Responsibilities:
• Design, develop, and maintain scalable data pipelines and systems for data processing.
• Utilize Hadoop and related technologies to manage large-scale data processing.
• Perform data ingestion using Kafka & spark, Sqoop and various file formats and process data into Hive using Beeline/spark.
• Develop and maintain shell scripts for automation of data processing tasks.
• Implement full and incremental data loading strategies to ensure data consistency and availability.
• Orchestrate and monitor workflows using Apache Airflow.

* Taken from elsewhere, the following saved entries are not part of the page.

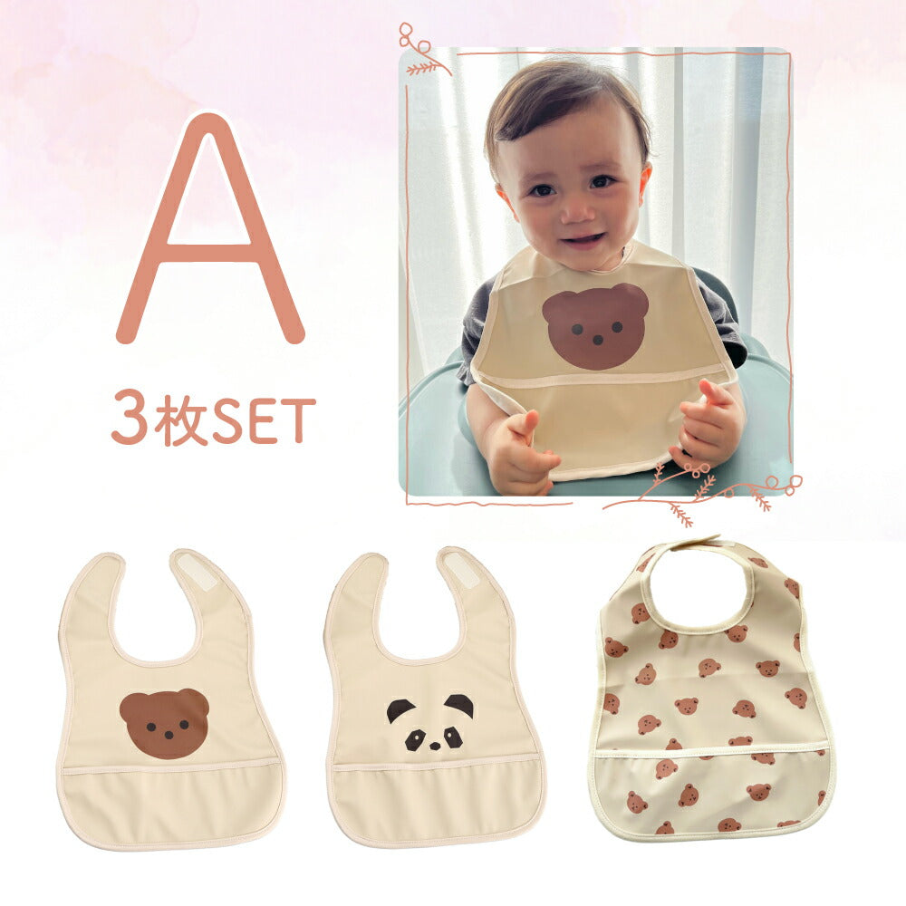 ・【お得な3枚セット】ナチュラルで可愛いお食事エプロンです。
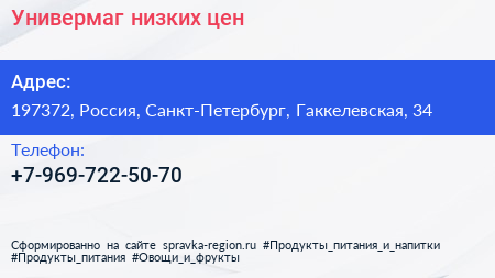 Универмаг низких цен по адресу 197372, Россия, Санкт-Петербург, Гаккелевская, 34 в дальнейшем Организация, размещена в следующих категориях:
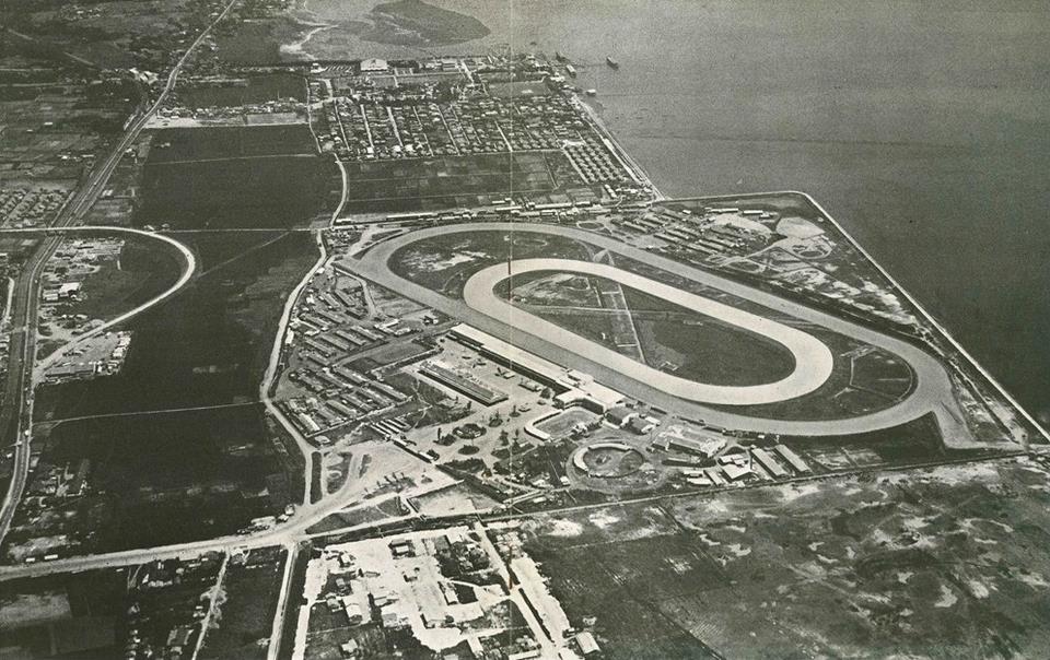 1950年10月29日、日本初のオートレース場が船橋競馬場内に誕生。1968年に南船橋駅の南側に移転するまでは、馬場内のダート走路でオートレースが開催されていました。航空写真でみられる二重の楕円のうち、内側のコースがオートレースのコースです。
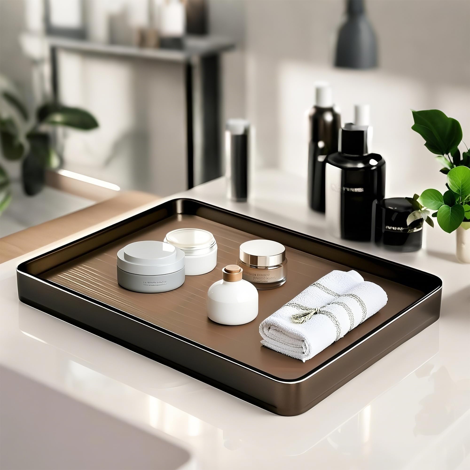 KInGSUnSおしゃれ 装飾 サービングトレー 厚い 金属 おぼん トレー 滑らない 大きい 浅型長方形トレイ キャンドル タオルとスパ用品収納 お盆 トレー 浴室/洗面台/ホテルのバスルーム対応 ダークブラウンとゴールド ギフ ト包装 新築祝い や記念日などのシーンに最適です 35.3×25.5×3.1cm
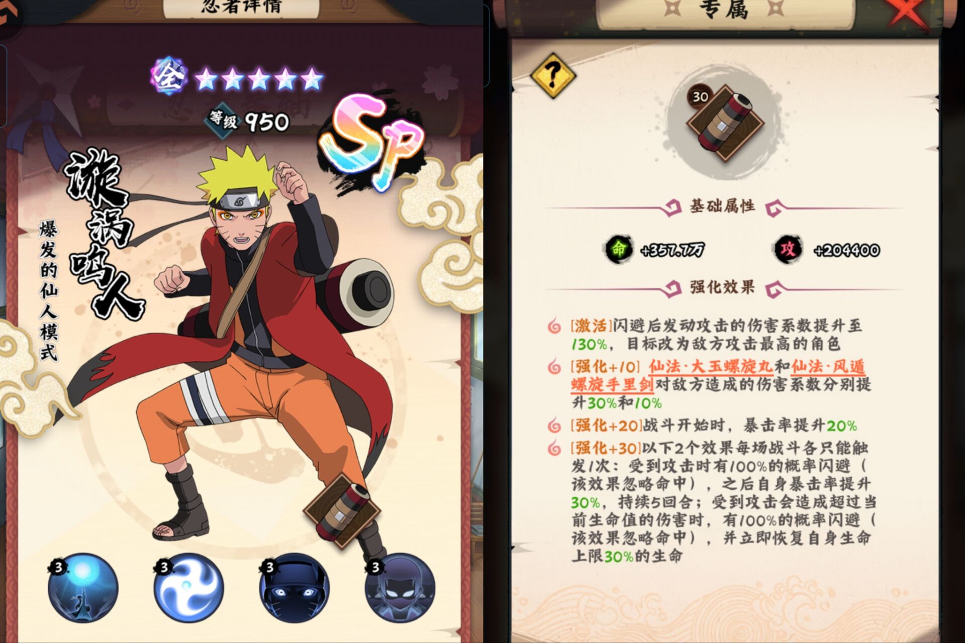 ①仙鸣:顶级的sp忍者,生存和输出都在线,高闪避和高伤害配合斑反打能力拉满,斑可以全方面削弱敌人的伤害,鸣人反打能力极强,同战力可起到扭转战局的的结果,而且仙鸣互相配合aoe伤害直接爆炸,仙鸣还可以补充队伍的对单伤害,两者互相配合强强联手输出伤害拉满。
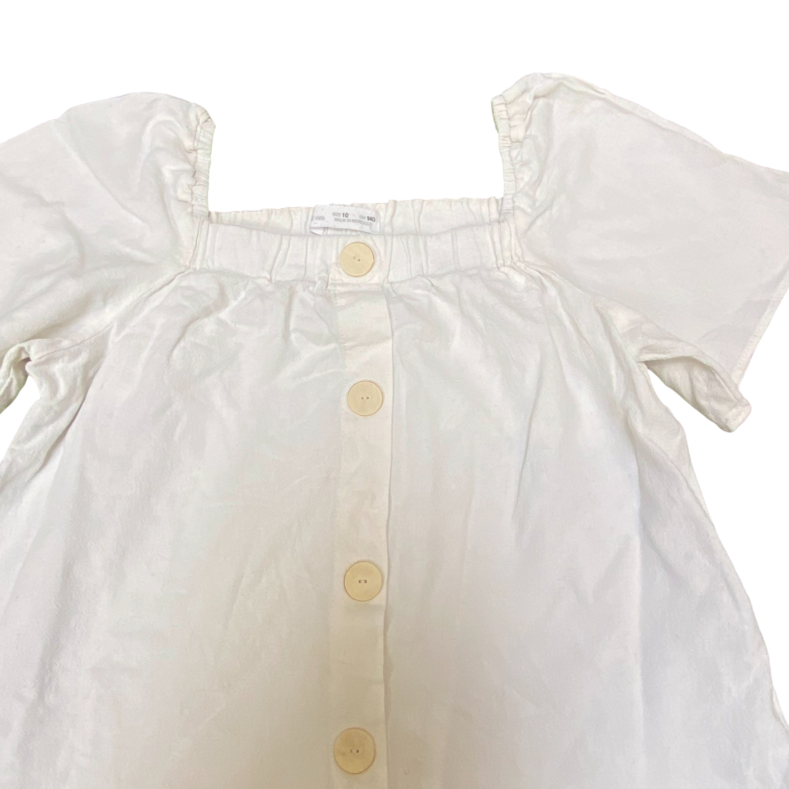 Zara Kids Blouse Top Girls S White Short Sleeve Square Neck Button Front Outdoor
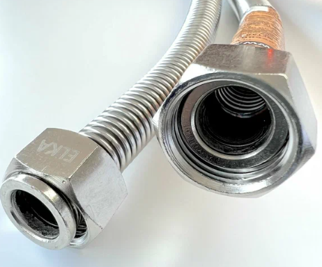 Подводка сильфонного типа представляет собой гофрированный рукав, изготовленный из нержавеющей, стали марки AISI 304 c приваренными аргонно-дуговой сваркой фитингами.
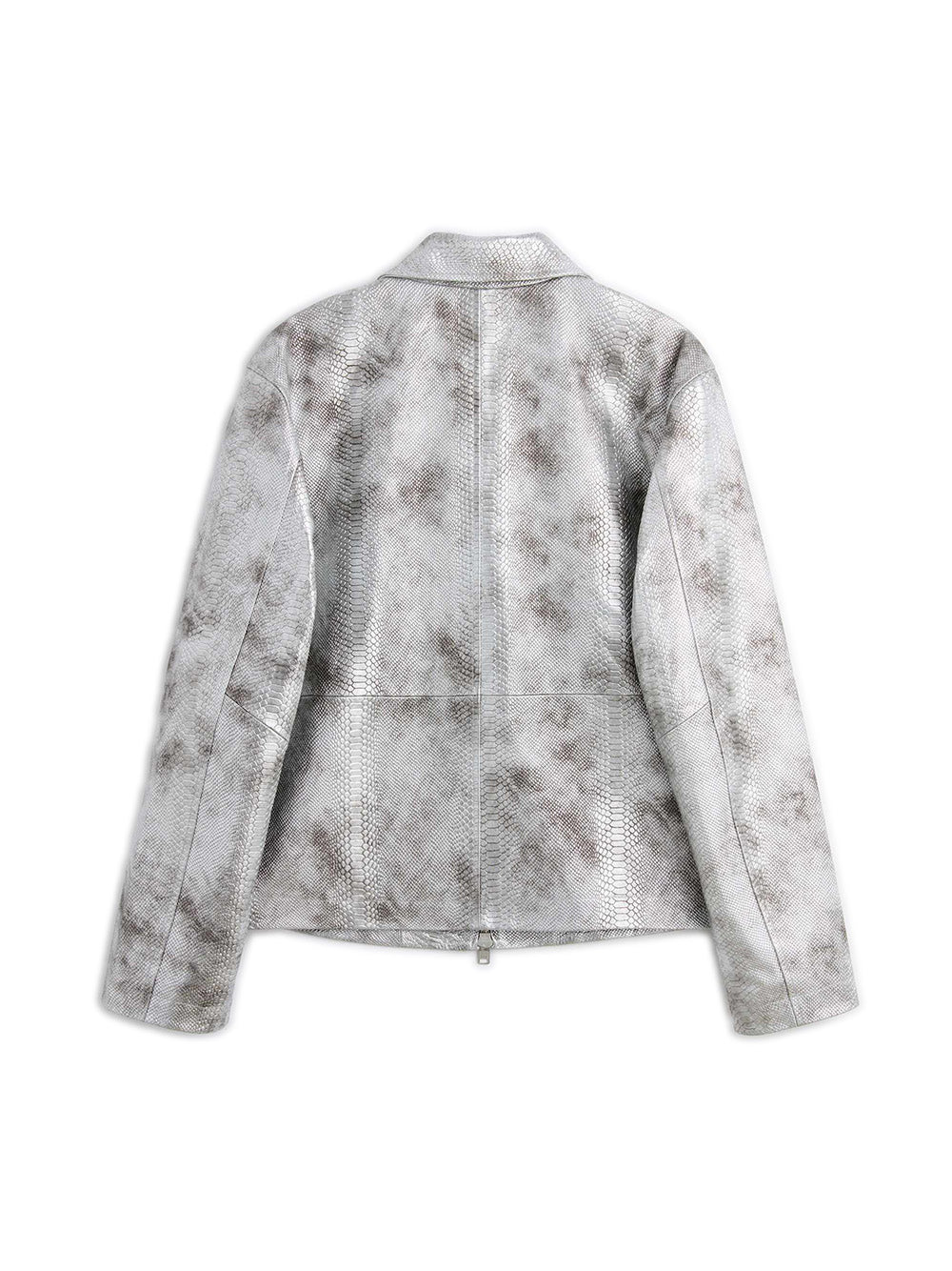 La giacca corta "Short Leather Jacket" di Sunflower è realizzata in morbida pelle. Presenta un colletto classico "spread", chiusura frontale con zip a doppio cursore, due tasche laterali a filetto e una tasca interna, tutte rifinite in modo essenziale. La fodera interna in satin garantisce comfort e leggerezza. La silhouette corta & minimal è perfetta per un look contemporaneo e versatile, ideale da abbinare a denim o pantaloni tailor-made

• Ensure code quality and version control using Git.
• Troubleshoot and resolve data-related issues in a timely manner.
• Stay up-to-date with the latest industry trends and technologies to continuously improve our data infrastructure.
Requirements:
• Proven experience as a Data Engineer (ETL, data warehousing).
• Strong knowledge of Hadoop and its ecosystem (HDFS, YARN, MapReduce, Tez and spark).
• Proficiency in Kafka & spark, Sqoop and Hive.
• Experience with shell scripting for automation.
• Expertise in full and incremental data loading techniques.
• Excellent problem-solving skills and attention to detail.
• Ability to work collaboratively in a team environment and communicate effectively with stakeholders.
Good to have:
• Understanding of PySpark and its application in real-time data processing.
• Hands-on experience with Apache Airflow for workflow orchestration.
• Proficiency with Git for version control
• Experience on Postgres SQL or SQL server or MSBI